• Oct. 7, 2008
Who Will Your Kids Be?
I went to my first AGAPE support group meeting last night. The speaker was Misty Spinelli who owns a homeschool company out of the Charlotte, NC area called Growing Scholars.
She related homeschooling to baking bread, but the thing that stood out most in my mind was the first part, the recipe. In a recipe, you have a finished product in mind. Misty said that we are homeschooling, not for our childrens sake, but for the sake of the adults that they will become. I've never given that due consideration. Of course I'm homeschooling for my children's sake. I want them protected in body and in spirit. I want to be able to tailor a curriculum to suit them and not make them fit into a mold that they were not made for. I want to be able to nurture their God-given gifts and abilities while helping them learn how to overcome their personal weaknesses. Of course I'm homeschooling for the children's sake. But am I really? Is this the extent of what I want for my kids? To what end? Is their childhood the sum of all that I want for them? Am I not concerned with who they will be when they are responsible for themselves and their decisions have more impact than deciding what game should be played today?
Misty gave us an exercise to do with our husbands. It seems to me that it is an important one and worthy of our time. In your mind picture your child as an adult of 20 years. Who do you want them to be? What is important to you that they know? Write these down. Go ahead and do it. At least make a mental list before you read any further. I'll wait...
OK
I'm sure that a lot of our answers will be the same. Now look at that list and notice what percentage of these things is academic. Probably not many. It really helped me when Misty compared our kids to a pie. (He he, sorry I just got a funny picture in my head!) Academics are just one slice of the pie. They are certainly not the biggest slice, just a regular old slice. Now that slice is important. You want it's quality to be just as good as the rest of the pie, but it is not the main thing to concentrate on.
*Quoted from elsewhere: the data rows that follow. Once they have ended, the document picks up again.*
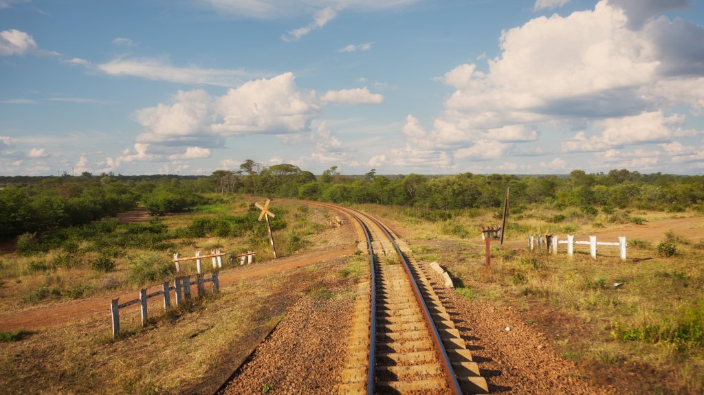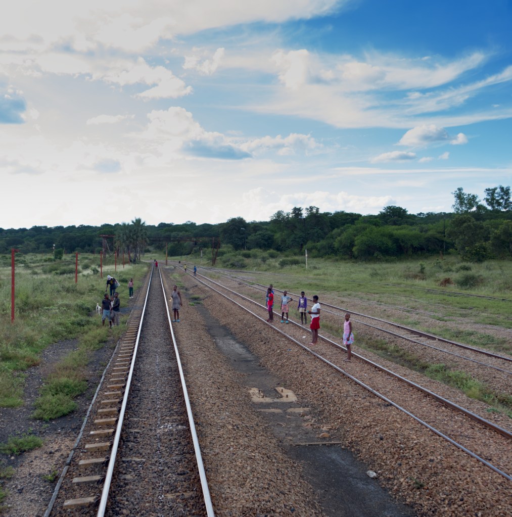 The Zimbabwe countryside unfolds slowly, punctuated by signs of daily life. Small villages cluster near dirt roads, and occasional homesteads appear as muted shapes among the grasses. Children pause their games to watch the train pass, their figures silhouetted against the fading afternoon sun. Farmers tend small fields, hoes in hand, turning the soil or gathering crops, while water jugs rest nearby. Each glimpse offers a quiet insight into life lived along the line, fleeting but distinct, stitched together by the rhythm of the rails.
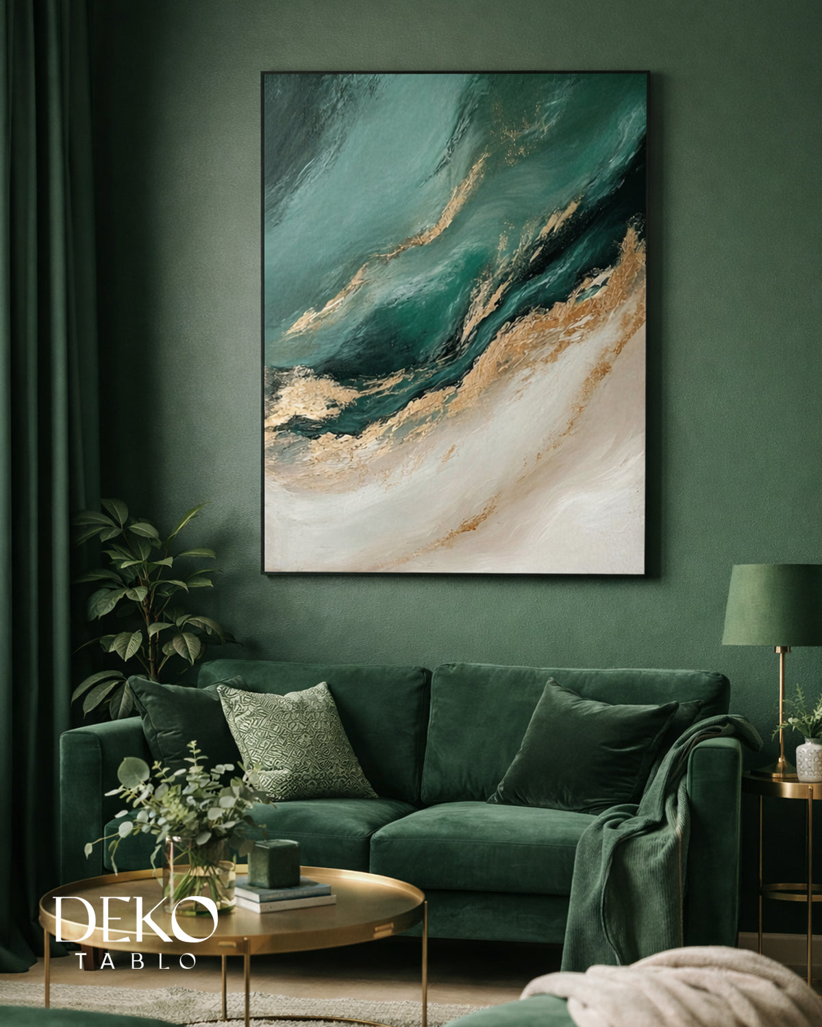 "Yeşil Yol" Altın Yeşil Tonlarında Detaylı Yağlı Boya Tablo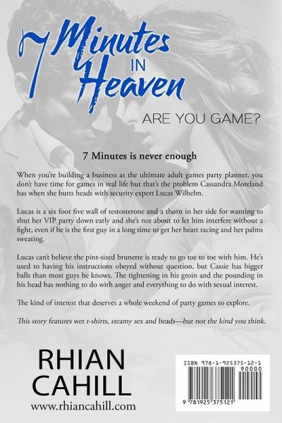 7 Minutes is never enough When you're building a business as the ultimate adult games party planner, you don't have time for games in real life but that's the problem Cassandra Moreland has when she butts heads with security expert Lucas Wilhelm. Lucas is a six foot five wall of testosterone and a thorn in her side for wanting to shut her VIP party down early and she's not about to let him interfere without a fight, even if he is the first guy in a long time to get her heart racing and her palms sweating. Lucas can't believe the pint-sized brunette is ready to go toe to toe with him. He's used to having his instructions obeyed without question, but Cassie has bigger balls than most guys he knows. The tightening in his groin and the pounding in his head has nothing to do with anger and everything to do with sexual interest. The kind of interest that deserves a whole weekend of party games to explore. This story features wet t-shirts, steamy sex and beads-but not the kind you think.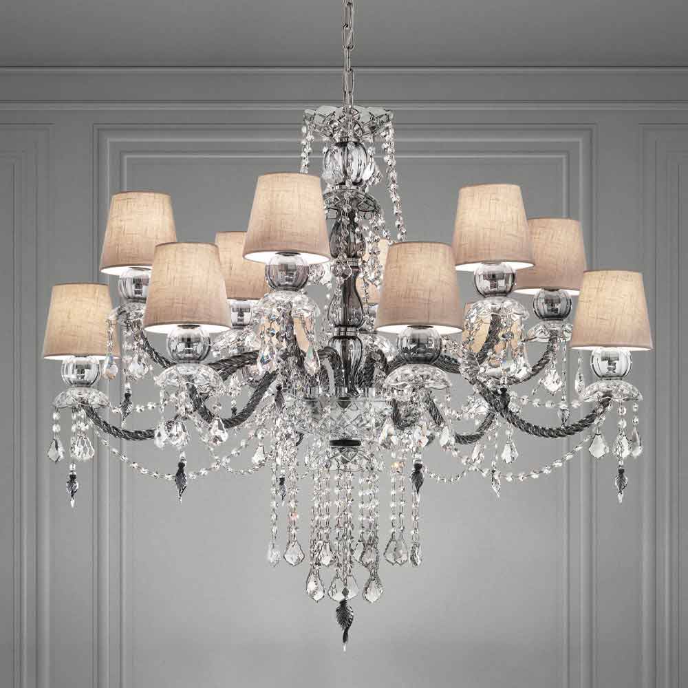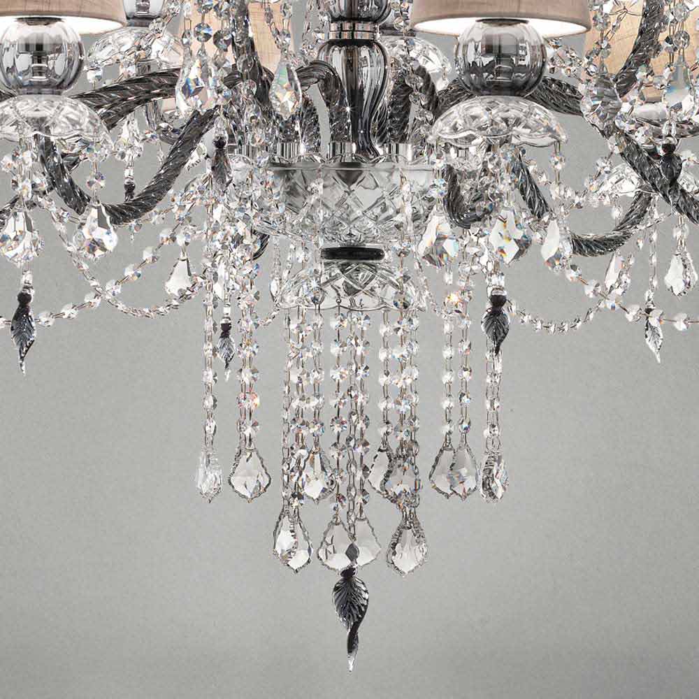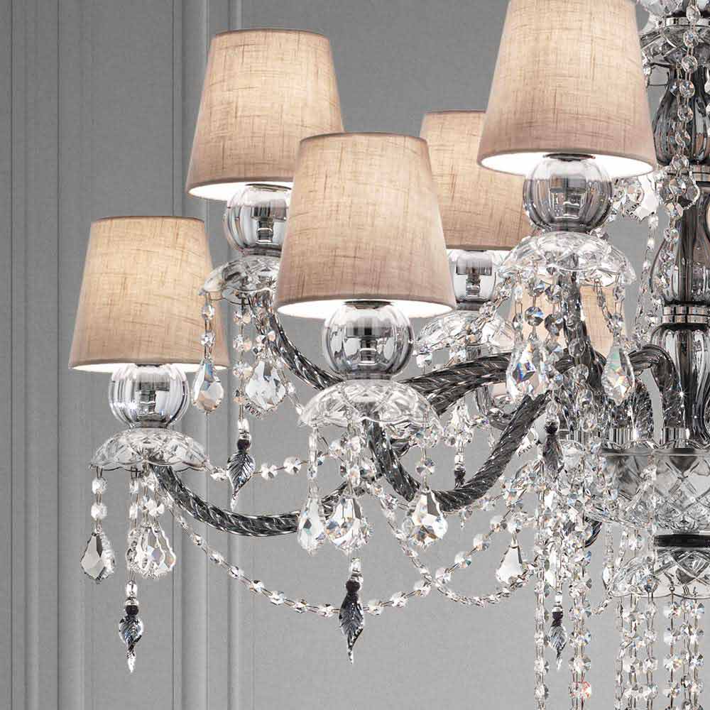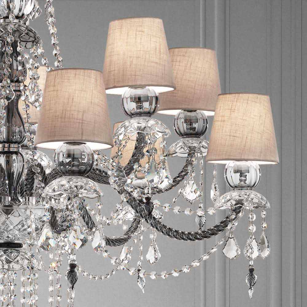 Elegant and imposing chandelier with 12 linen lampshades , structure in Venetian glass grey finish enriched by pendants in crystal finish and details in polished chrome metal , handcrafted in Italy . Characterized by a romantic character able to fill large rooms in an exclusive way, this chandelier stands out thanks to luminous pendants and refined lampshades that give life to a dynamic furnishing solution with a strong scenographic impact . To increase its value and to underline its aesthetic side is the presence of sequins which, through the refraction of light, give life to wonderful plays of light and shadow thanks to unprecedented colored flashes .
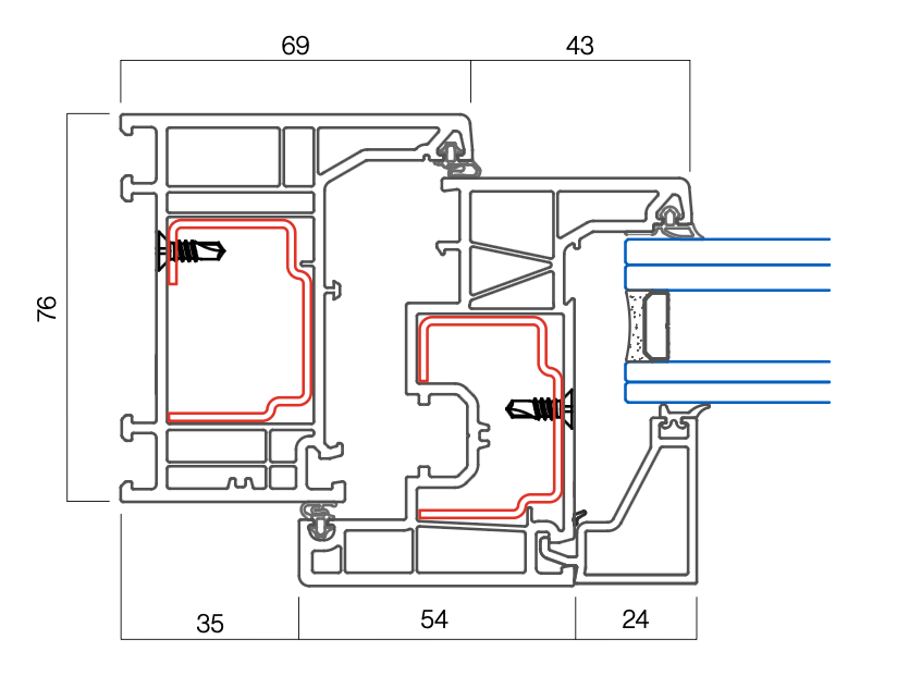 Información Técnica| Sección de marco/hoja | 76 / 80 mm |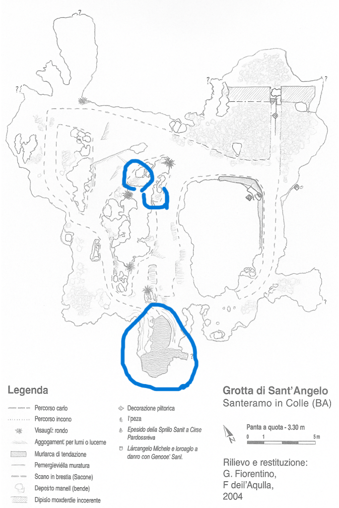 L’immagine evidenziata sotto, tratta dal rilievo del 2004 di G. Fiorentino e F. dell’Aquila, mostra la planimetria dettagliata della Grotta di Sant’Angelo a Santeramo in Colle (BA), uno dei luoghi rupestri più significativi per lo studio del culto micaelico in ambito rupestre. Le zone cerchiate in azzurro corrispondono a depressioni naturali o artificialmente scavate che ospitano pozze d’acqua, identificate nella legenda come vasche d’acqua.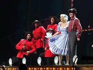 The Pythons used the British tradition of cross-dressing comedy by donning frocks and makeup and playing female roles themselves while speaking in falsetto.[41] Jones specialised in playing the working-class housewife, or "ratbag old women" as termed by the BBC.[26] Palin and Idle generally played the role more posh, with Idle playing more feminine women.[26] Cleese played female roles more sparsely, while Chapman was frequently paired with Jones as a ratbag woman or with Idle portraying middle-class women commenting upon TV. Generally speaking, female roles were played by women only when the scene specifically required that the character be sexually attractive (although sometimes they used Idle for this). The troupe later turned to Carol Cleveland—often described as the unofficial seventh member—who co-starred in numerous episodes after 1970.[42] In some episodes, and later in the stoning scene in Monty Python's Life of Brian, they took the idea one step further by playing women who impersonated men.[43]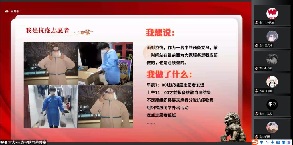 抗疫志愿者代表分享广大师生在抗疫过程中的先进事迹和宝贵经验。郝毅、王鑫宇、赵梦珂、胡玮桐同学分别从个人和集体两个角度出发,分享了在校园封闭管理期间的抗疫日记和志愿服务经历,吉大学子守望相助、封校不停学,学生党员积极投身防疫一线,践行着新时代青年的初心与使命。听完A片网站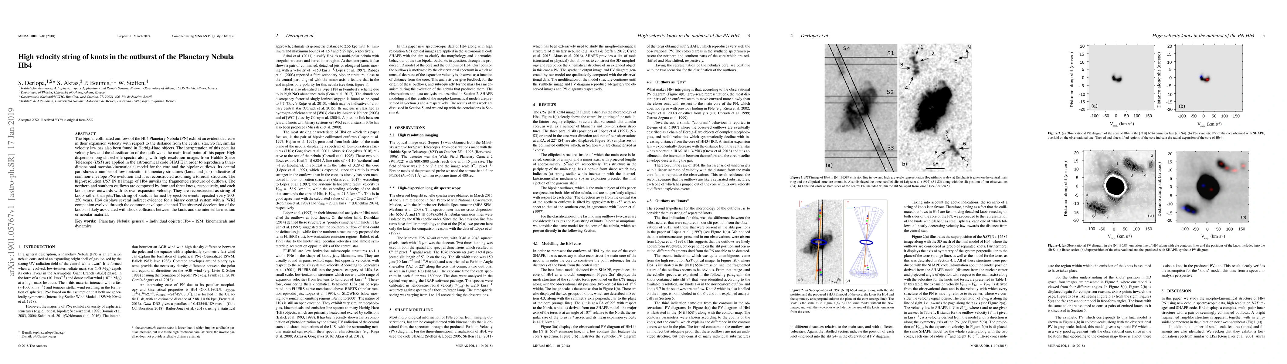 The Hb4 Planetary Nebula's outflows exhibit a peculiar velocity law where expansion velocity decreases with distance from the central star, forming a string of knots rather than jets. This is likely due to shock collisions between knots and interstellar medium.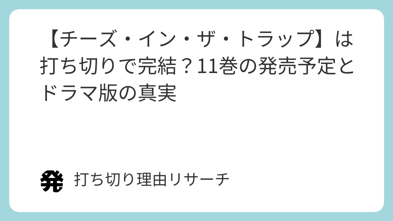 【チーズ・イン・ザ・トラップ】は打ち切りで完結?11巻の発売予定とドラマ版の真実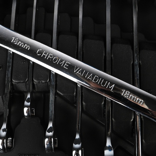 Комбинированные трещоточные ключи с шарниром в наборе выполнены из хром-ванадиевого сплава. Гальваническое покрытие из хрома, никеля и меди отполировано и дает безупречную гладкую поверхность, повышая антикоррозионные свойства ключей.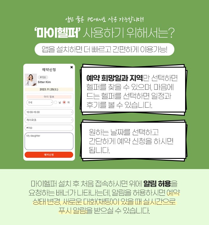 마이헬퍼를 통해 베이비시터 자리를 찾고 내가 어떻게 아이를 돌보아 주고 아이들도 좋은 추억을 만들 수 있게 하는지 어필하는 시터도 있습니다. 이제 시터 구인, 구직으로 혼자 고민하지 마시길 바랍니다!

If your daily focus is 7/8 on academics you made need to consider your ingredients. Have your book learning, but put it in it's proper perspective.
Pretend that like me, one of the qualities that you want for your children is for them to be a servant. Then you need to add that ingredient to your recipe! They will not grow up naturally with a heart for service. Who does? It needs to be shown to them. Taught to them. Done with them side by side. Helping with a soup kitchen once or twice a year is not going to cut it. Make it a regular part of your life. Once, twice, three times a week. Now, before you say you don't have time for that, consider again the recipe, the finished product, the pie. What is most important?
Take your list to God. What does He say? Who does He want your kids to be? No person is perfect, but we all have strengths. God has a plan for us all, even the smallest one among us. As you go through your day, THINK about the end product. Does it matter if your child has not memorized that thing you've been struggling with for over a month? How much of that month of memorizing could have had a better purpose? What will it profit their soul? Be careful not to get so caught up in the agenda for today that you forget the goal.
Please know that I am speaking to myself in a big way here. It's so easy for me to get bogged down in what seems to me to be important at the time, but has no eternal reward.